John Ford had been directing
films since his first in 1917. That was a short and a Western. During the
Silent era, he was to direct about 60 films - most lost - and many of them
Westerns - but also an assortment of other genres. When the Talkies began,
for some reason he stayed away from Westerns. Perhaps because they had become
B pictures playing as second or third features on the bill. In 1939, Ford
began telling the American story - or at least the one he wanted to - which
for my generation became the one we believed in. Through school and films,
we were taught the American myth of our heroic march west. Our American Destiny.
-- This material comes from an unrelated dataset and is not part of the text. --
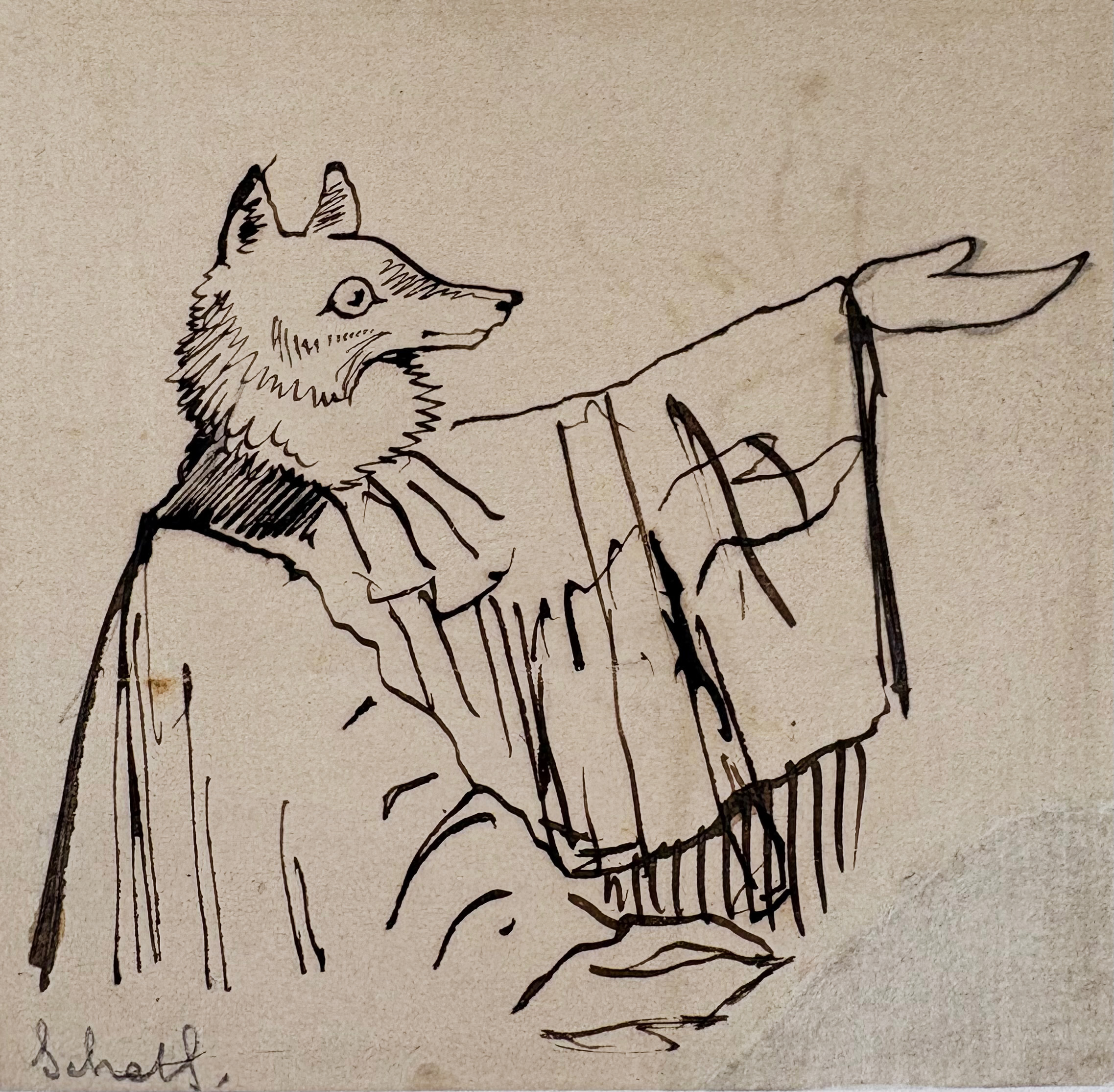 STUERS, Victor Eugène Louis ('Victor') de (1843-1916), attributed. (4 caricature drawings of lawyers represented as foxes). N.d. Drawings in black ink. Largest 100 x 75; smallest 42 x 39 mm. Laid down on 1 mount, under passepartout.

There have been only a few generations of Americans that have in truth been
worth a damn. That are the backbone of our belief system in who we are. The
Founders of course who managed miraculously to patch thirteen colonies together
and make it stick and become the first nation to have a democratic republic.
Another generation is the people who refused to stay put and kept pushing
westwards to settle - or perhaps colonize -- the land against extreme dangers
from war, from starvation, from the elements. It is easy to demonize them
now for their treatment of the Natives, but still these people had more balls
than any American today. The last generation to do great things was of course
my father's generation - made it through the Great Depression, stopped Fascism,
defeated Communism, Pax Americana, passed the beginnings of a safety net
and Voting and Civil Rights. Clearly, one can poke holes into all these generations
with multiple sins, but they are our mythology.
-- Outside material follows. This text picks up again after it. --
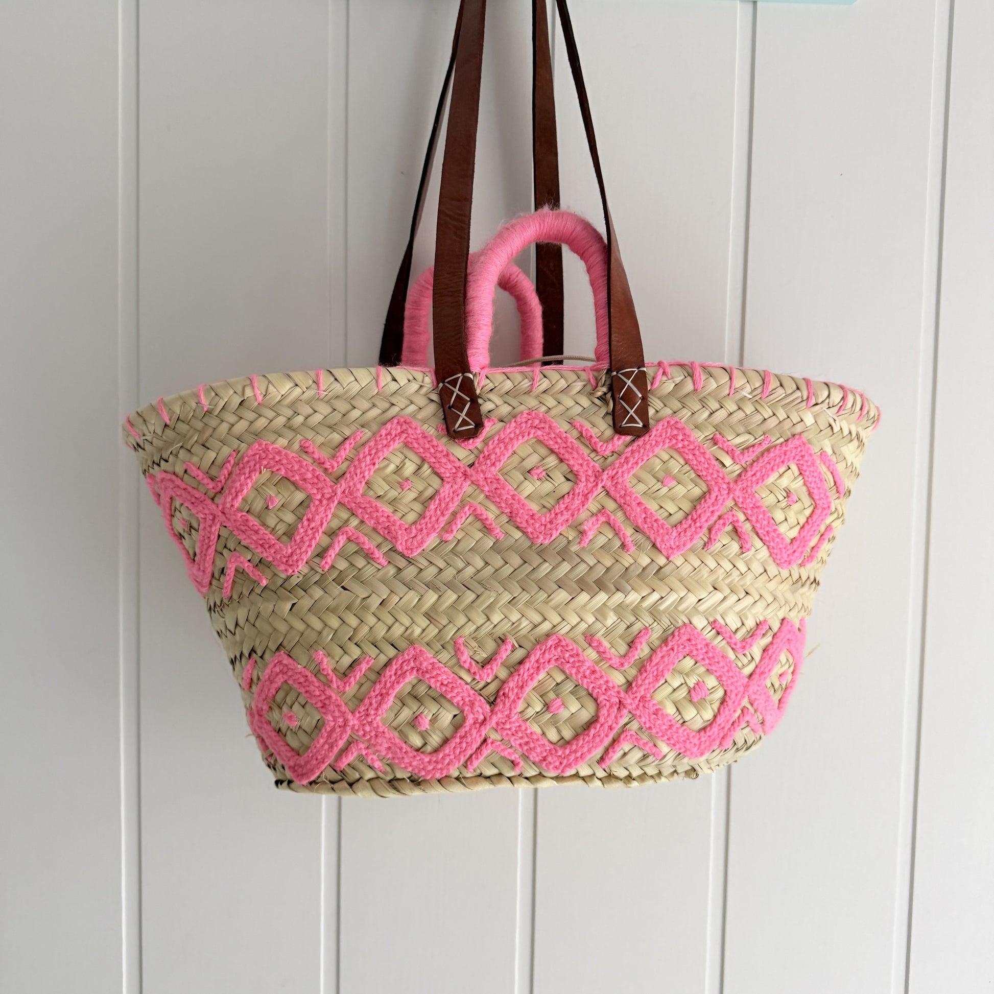 Doble asa de esparto corta y doble asa larga de piel.

Ford extolled all of them in his films. How much he believed it I don't know,
but his films are such wonderful pieces of Americana that it is hard not
to be caught up in them. In 1939 he directed three films that told our story.
He went back to Westerns with Stagecoach, his first since 1926 - but he took
that genre out of B territory and made a classic bringing Westerns into the
Mainstream for the next few decades. Next up was Young Mr. Lincoln, an astonishingly
humanistic and hopeful film about Lincoln but also the nation. And then there
is this film, Drums Along the Mohawk, which encompasses two of the generations
that I have mentioned. Ford also discovered the two male actors that he kept
going back to - Henry Fonda and John Wayne. Wayne of course became as much
a landmark in his Westerns as Monument Valley - but Ford followed this with
Fonda in The Grapes of Wrath - another part of the American story.
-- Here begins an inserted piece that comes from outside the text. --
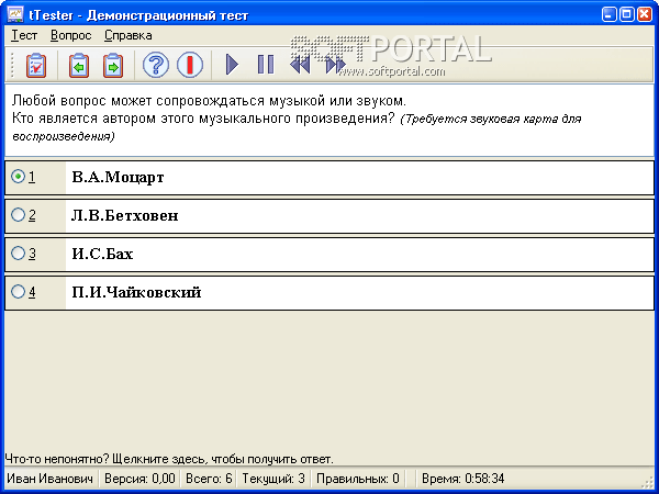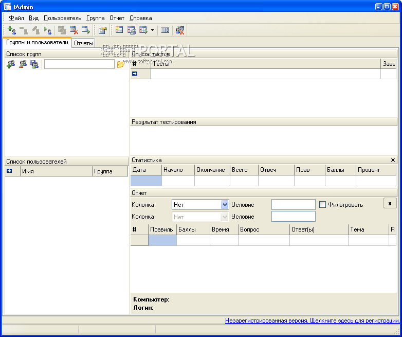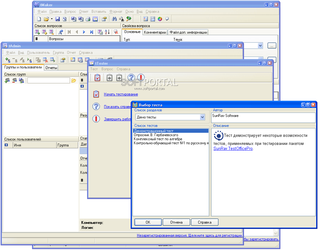 SunRav TestOfficePro - программа включает в себя tMaker - программу для создания тестов; tTester - программу для проведения тестирования; SunRav TestOfficePro - пакет программ для создания, проведения различных тестов и обработки результатов тестирования. По сути, это уже готовое комплексное решение для проведения тестирования в рамках образовательных и других учреждениях (вузы, колледжи, школы, отделы кадров предприятий и т.п.). tAdmin - программу для удаленного администрирования пользователей и обработки результатов тестирования.

The War took Ford away for three years but when he returned, he first made
a war film with Wayne (They Were Expendable) and then a Western with Fonda
(My Darling Clementine).
Drums Along the Mohawk is a tale of settlers - in this case early in the
movement - who built farms in Western New York - and fight off Native Americans
and the British during the Revolutionary War. It is mainly about community
and perseverance. Fonda and Claudine Colbert are newly married and
leave the civilization of Albany for the wilds of the Mohawk Valley.
She initially freaks out at the primitive life and the Natives, but she adjusts
and turns out to be as tough as a tree trunk. The community has built a fort
for safety when the war breaks out the English and their Native allies attack.
The Natives that sided with the British - not all did - did so because the
British promised them that they would stop the white settlements. And they
persevere through death, the burning of their farms, a miscarriage - for
Ford this was the American spirit that conquered a continent. The final 20-minutes
is as intense as it gets. And though these days I am not feeling very optimistic
about my country - this will clearly not be one of the great generations
- the ending made me think of how great we once could be. There is a fine
cast along with Fonda and Colbert - Edna May Oliver who won the Academy Award
for Supporting Actress, Ward Bond who was to become a regular in Ford films,
John Carradine who plays the villainous Tory, Jessie Ralph as one of the
female settlers, Arthur Shields as the Reverend who has to kill a man and
Francis Ford, now forgotten but he was John Ford's brother and as a director
of silents, he brought his brother into the business.